Abstract

Ventilator-associated pneumonia (VAP) is a serious complication of mechanical ventilation (MV) and is associated with an increased in mortality and in the intensive care unit (ICU) length of stay (LOS). The increasing prevalence of Methicillin Resistant Staphylococcus aureus in both hospital and community settings presents substantial higher costs which could be reduced using the most efficient empiric therapy. The aim of this study was to assess the cost-effectiveness (CE) of linezolid against vancomycin as an empiric therapy for VAP patients. The study included a cohort of adult patients with VAP in the ICU and it used a 12-week time horizon with the aid of a decision-tree model to compare costs and effectiveness of linezolid (600mg/12 hours) and vancomycin (15mg/Kg 12 hours) (standard of care). Effectiveness measures were: clinical success rates, mortality rates, ICU LOS and hospital LOS. The epidemiological data was collected from published literature and local costs (2011 US$) were obtained from public hospitals official databases. Only direct medical costs were considered (LOS, medication costs, hematologic, gastrointestinal and lab exams).
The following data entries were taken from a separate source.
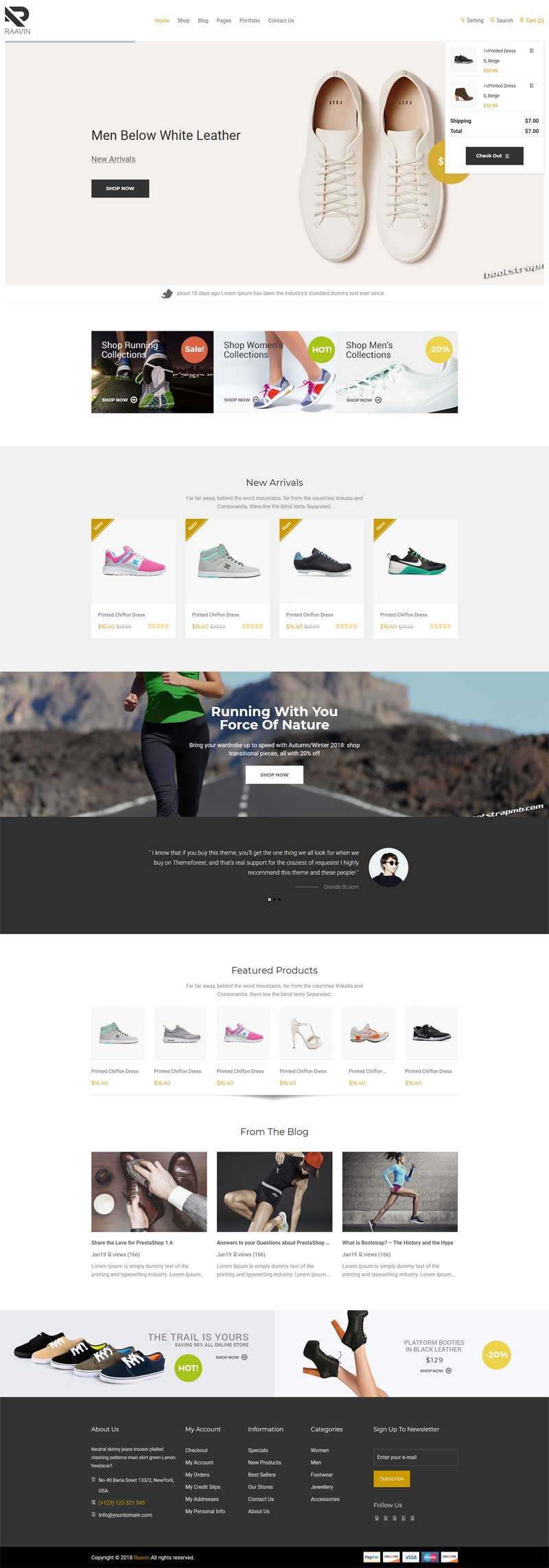 Raavin是精美的运动鞋电子商务网站Bootstrap模板。这个响应模板可以用来展示运动鞋,登山鞋,溜冰鞋,拖鞋,沙漠靴和孩子鞋等。Raavin有35个HTML页面包括3主页。您可以根据你的口味轻松地定制这个精美电商网站模板页面。...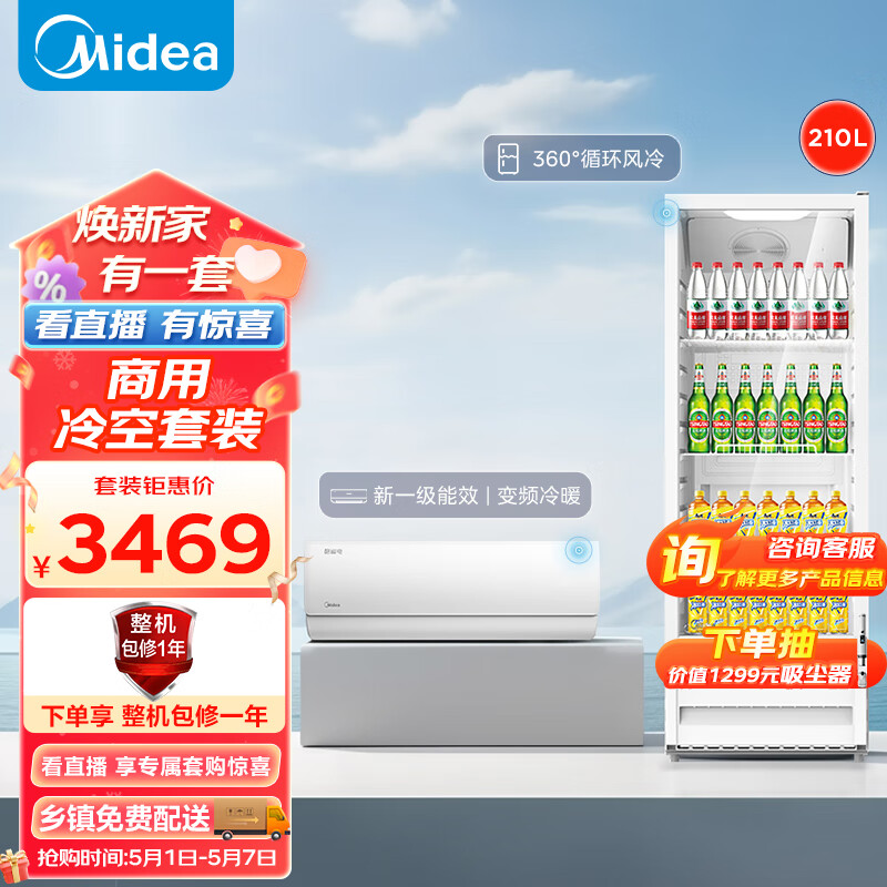 美的冰空套装 210升风冷立式商超展示柜ML-208DGE+酷省电1.5匹一级变频冷暖空调KFR-35GW/N8KS1-1价格:3466.00元!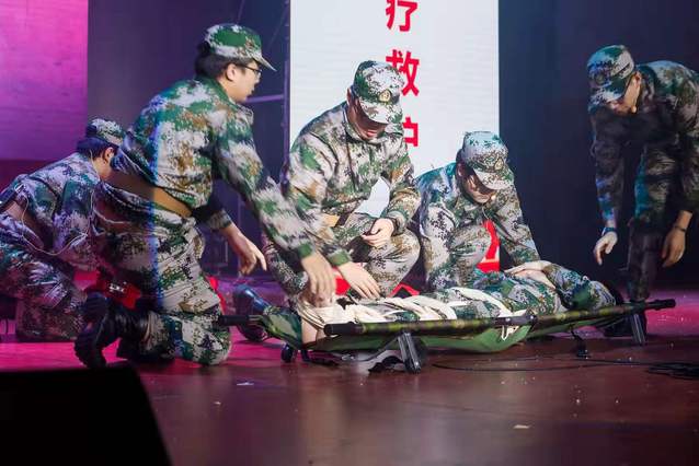 本次军事技能比武大赛,公司作为上海市唯一一所参加展示的医公司校,在校学工部的支持和浦东新区人民医院急症科万健主任、诸海军副主任医师的指导下,给予7名在读急救班医员工系统的培训和指导。战场医疗救护技术包括止血、包扎、固定、搬运、心肺复苏术等,员工按照模拟战地情景,生动演绎了战地现场伤员的紧急医疗救护。剧情中,两名队员在战火中负伤,分别致头部外伤及下肢骨折。其余五名队友在相互掩护后,将伤员转移至掩体后方相对安全区域,利用他们的专业战地急救技术对伤员进行初步止血、包扎及固定,同时完成安全转运。战地现场医疗救护的意义在于,可有效减少伤员的死亡及致残率,提升战斗力,巩固战斗意志。

Monte Carlo probabilistic sensitivity analysis (PSA) was developed. Results showed linezolid as a more effective and less expensive option for VAP adult patients in comparison with vancomycin. Mortality rate was lower with linezolid (10.13% vs. 15.74%) while clinical success rate was higher with linezolid (64%) against vancomicyn (59.5%). ICU LOS was 17.4 days for linezolid and 21.26 days for vancomycin. Hospital LOS was 8.44 days for linezolid and 9.43 days for vancomycin. Overall medical costs per patient were US$35,077.18 with linezolid and US$39,980.57 with vancomycin. CE analyses showed linezolid as cost-saving (dominant strategy). PSA outcomes support the robustness of these findings. The empiric use of linezolid in UCI for adults with VAP would result in economic and health benefits for the Dominican Republic's public environment.